The move by neobanks to branch into investing and credit card rewards, and investment platforms to introduce banking options, underscores the appeal of apps as a seamless digital gateway for financial activities. According to PYMNTS Intelligence, 60% of millennials, 57% of Generation Z, and 52% of Generation X primarily use mobile banking apps. Additionally, 94% reported improved access to financial services through technology, and 79% highlighted enhancements in banking access.

Checking and Savings: Funding Investment Accounts

Neobanks have been leveraging the shift towards offering equities trading and other investment features, capitalizing on fund flows into their primary day-to-day accounts as an on-ramp for trading. In the U.S., a snapshot of this trend is evident as surveyed by Charles Schwab. The survey revealed that three in five Americans are actively investing, with Gen Z showing early financial literacy; more than a quarter learned about investing in school. The average age for starting investments is 30, but Gen Z starts at 19, and millennials at 25.

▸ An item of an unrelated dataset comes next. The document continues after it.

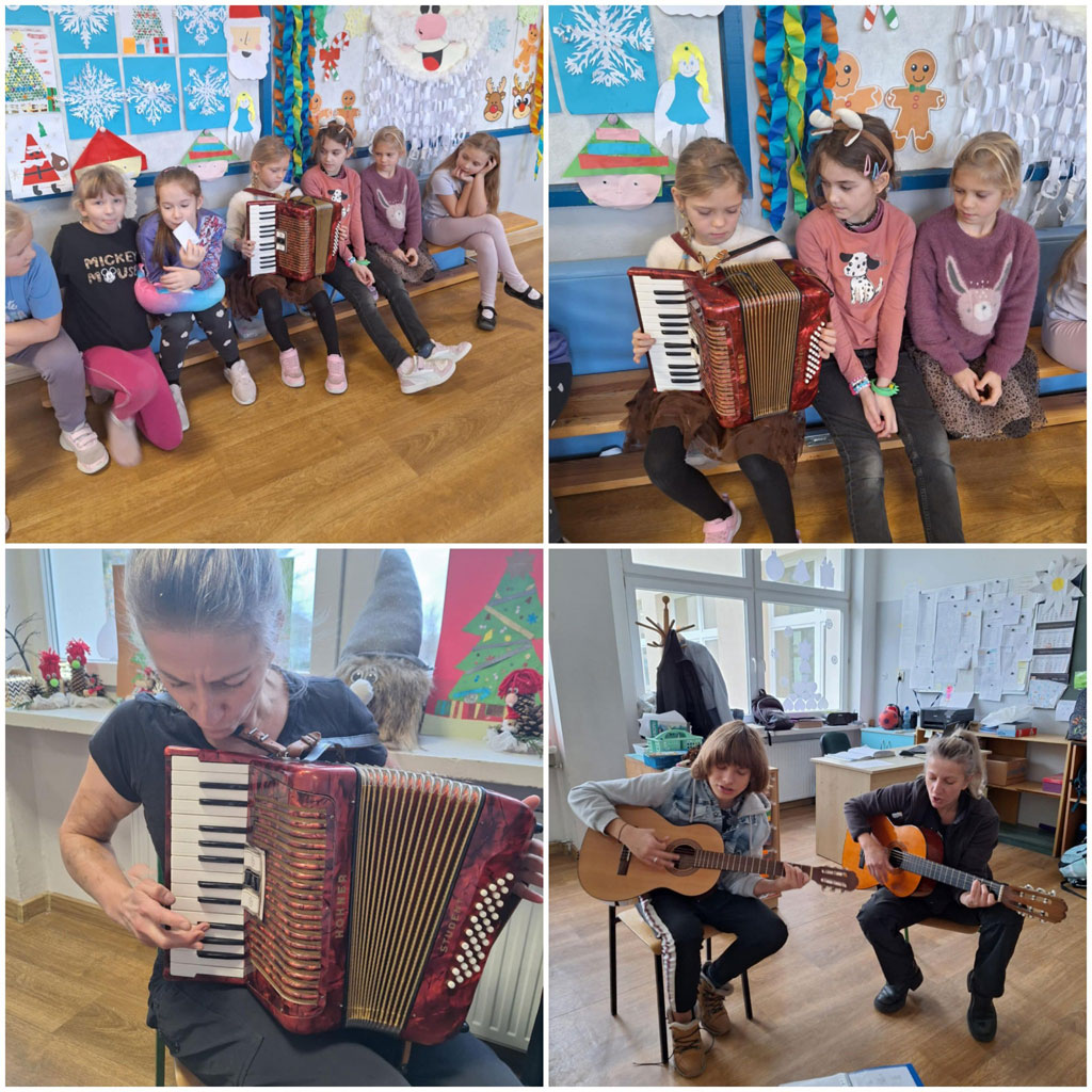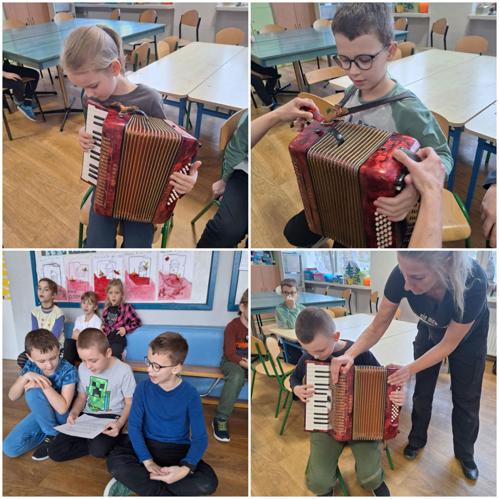 W ramach współpracy z biblioteką szkolną w świetlicy organizowane są zajęcia umuzykalniające dla dzieci. Uczniowie zapoznają się na nich z instrumentami muzycznymi. Poznali między innymi gitarę, harmonijkę, akordeon. Dzieci wspólnie śpiewają i grają, a przy okazji rozwijają pasje muzyczne🎸🎹🎻
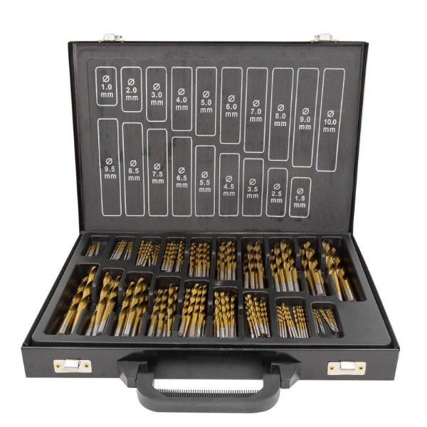 Набір Rockforce RF-924U170 включає 170 свердлів по металу, діаметром 1-10 мм, упакованих в металевий кейс. Кут заточування свердлів становить 118 °, тому вони оптимальні для обробки чорних металів, сталі, чавуну та твердої бронзи. Набір нагоді в побуті і на будівельному майданчику. Переваги Міцність і високий ресурс - оснастка виконана з швидкорізальної сталі. Висока якість виконання завдяки процедурі поетапного шліфування набір повністю відповідають заявленим розмірам. Підвищена продуктивність - поверхня свердел відполірована, що знижує тертя і забезпечує ефективне відведення шламу. Сумісність з усіма типами набоїв - свердла мають універсальні циліндричні хвостовики. Швидкий пошук потрібного оснащення - на кришці кейсу є маркування з позначенням типорозміру оснастки. Комфортна робота — робоча частина свердел звужується до хвостовика, тому їх не заклинює в процесі експлуатації. Зручне зберігання та транспортування – набір поставляється у металевому кейсі з ручкою. Комплектація Свердло по металу 1мм-10 шт Свердло по металу 1,5мм-10 шт Свердло по металу 2мм-10 шт Свердло по металу 2,5мм-10 шт Свердло по металу 3мм-10 шт Свердло по металу 3,5мм-10 шт Свердло по металу 4мм-10 шт Свердло по металу 4,5мм-10 шт Свердло по металу 5 мм-10 шт Свердло для металу 5,5 мм 10 шт Свердло по металу 6 мм-10 шт Свердло по металу 6,5 мм-10 шт. Свердло по металу 7 мм-10 шт Свердло по металу 7 мм-10 шт Свердло по металу 7,5 мм-10 шт. Свердло по металу 9,5мм-5 шт Свердло по металу 10мм-5 шт Металевий кейс 1 шт

Revolut, a digital banking platform, exemplifies this merger of banking and investment services. Recently, Revolut announced plans to add U.K. stocks to its trading platform, after securing a U.K. trading license and gaining over 800,000 U.K. trading customers. Already offering U.S. and European equities, Revolut is also reportedly developing a rewards-based credit card that will utilize its RevPoints system linked to debit card activity, expected to roll out in the U.K.

Online Investing Opens Doors to Checking and Savings

Similarly, investment platforms are expanding: Robinhood launched a wealth management service targeted at less wealthy clients, and in a separate announcement, introduced Robinhood Banking, which includes checking and savings accounts, as well as a 4% annual percentage yield on savings accounts. This comes a year after Robinhood introduced its own credit card via Coastal Bank. Robinhood’s credit card business earned $24 million in revenue, with credit card loans reaching $391 million according to their latest 10-K filing.

Both platforms boast extensive user bases. Robinhood has over 25 million funded customers, while Revolut recently surpassed 50 million customers globally.

Traditional banks are not left behind in this race to capture younger customers. According to Todd Clark from InvestiFi, banks using white-label solutions to facilitate customers’ self-directed investment services can strengthen their ecosystems, ensuring a continuous flow of funds between traditional banking and investment activities.